How will Washington's budget-cutting zeal affect your practice next year?
Washington's current obsession with budget-cutting is likely to affect your practice in 2012, according to MGMA government affairs officers speaking Monday at the group's annual convention in Las Vegas.
What remains to be determined is precisely how deeply payments to physicians will be cut.
The debt-ceiling deal that Congress reached in August included a provision for a joint Congressional committee to identify at least $1.2 trillion in cuts by November 23, and for Congress to pass those cuts no later than December 23. Failure by the committee, which is meeting now in relative secrecy, to reach an agreement (or failure by Congress to pass the committee's recommendations) would trigger across-the-board spending reductions, including 2 percent cuts in payments to physicians. Yet it isn't clear whether that outcome would be better or worse for doctors than whatever the committee might agree to.
"There's no way to know until we see what the committee comes out with," said Allison Brown Brennan, senior advocacy advisor with the MGMA's Washington office, as part of a wide-ranging presentation on policy and procedural changes (both underway and under consideration) in Medicare and other federal programs that affect practices.
One thing MGMA is hoping the committee might do is recommend an end to the much-maligned sustainable growth rate formula (SGR) that is supposed to be the basis for Medicare payment rate-setting, but not in the starvation-diet fashion that Medicare's Payment Advisory Commission (MedPAC) recently proposed.

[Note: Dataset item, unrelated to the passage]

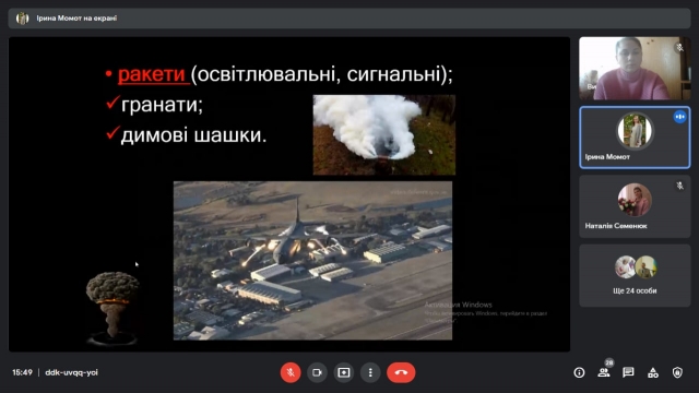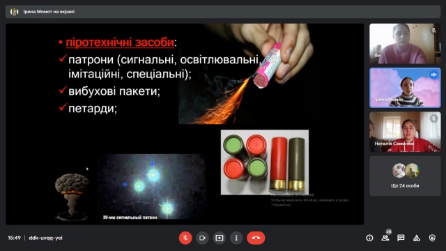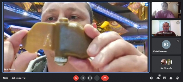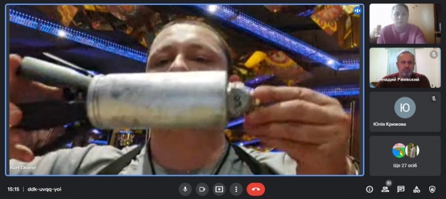 До заключного слова приєднався Геннадій Ржевський, який висловив щиру подяку за проведений просвітницький захід, наголосив, що тема, яка обговорювалася, як ніколи є актуальною і всім ми маємо пам’ятати, що однією з основних причин нещасних випадків із вибуховими пристроями є грубе порушення елементарних правил безпеки. Тому слід приділяти значну увагу формуванню знань у студентів, викладачів щодо поведінки в різних ситуаціях. Завдяки таким фахівцям з великої літери, як Михайло, ми розуміємо, як чинити в надзвичайних ситуаціях, в яких ми зараз опинилися, задля збереження найціннішого – життя. Також Геннадій Ржевський побажав всім присутнім здоров’я, злагоди, взаєморозуміння, душевного, психологічного спокою та достатку. Висловив слова підтримки і подяки територіальній обороні і Збройним силам України за натхненну і самовіддану працю, за непохитну віру у наше спільне щасливе майбутнє і пришвидшення перемоги. Наголосив, що зараз необхідні усі зусилля для перемоги над ворогом, тому потрібно допомагати нашим ЗСУ будь-яким доступних способом: їжею, одягом, обмундируванням, фінансами, фізично, інформаційно та маємо слідкувати за офіційною сторінкою ЗСУ і не довіряти фейкам, не панікувати, ми всі разом обов’язково переможемо.

The SGR is designed to control Medicare spending growth to roughly the growth in the U.S. economy, but Medicare spending has exceeded the SGR threshold each year since its enactment in 1997.
When the threshold is exceeded in one year, Medicare payments are supposed to be reduced the next year, a correction that Congress inevitably forestalls, usually replacing the cut with a modest increase. The 2012 cut would have to be 29 percent to bring spending in line with the SGR. Recently, MedPAC recommended repealing the SGR by cutting Medicare payments 5.9 percent in each of the next three years, followed by a seven-year pay freeze.
And yet that prospect, draconian though it is, is perhaps less worrisome to the MGMA and other physician advocates than one provision of the healthcare reform law that will replace MedPAC with a board whose rate recommendations would take effect automatically unless Congress acts to overturn them.
"We're really concerned about that," Brennan said.
Some other notable health reform-related changes coming in the next few years: By 2014, Medicaid is supposed to reach payment parity with Medicare, and state-based health insurance exchanges are to be operational. More immediately, Medicare is moving ahead with its Shared Savings Program (under final rules released Thursday), which is supposed to provide impetus for the large networks of regional healthcare providers known as accountable care organizations. And it is altering some of the rules surrounding its new Annual Wellness Visit, which began this year, including a new "health-risk assessment tool" that physicians performing the exam will have to administer to each patient. The new tool will add a layer of complexity to the new wellness visits, which many practices are still struggling to understand. The wellness visits are in addition to Medicare's one-time-only "Welcome-to-Medicare" exam, which has existed for about five years.
"They're not proposing any payment adjustments [for the wellness exam] so you will get more work, but will be paid the same," Brennan noted.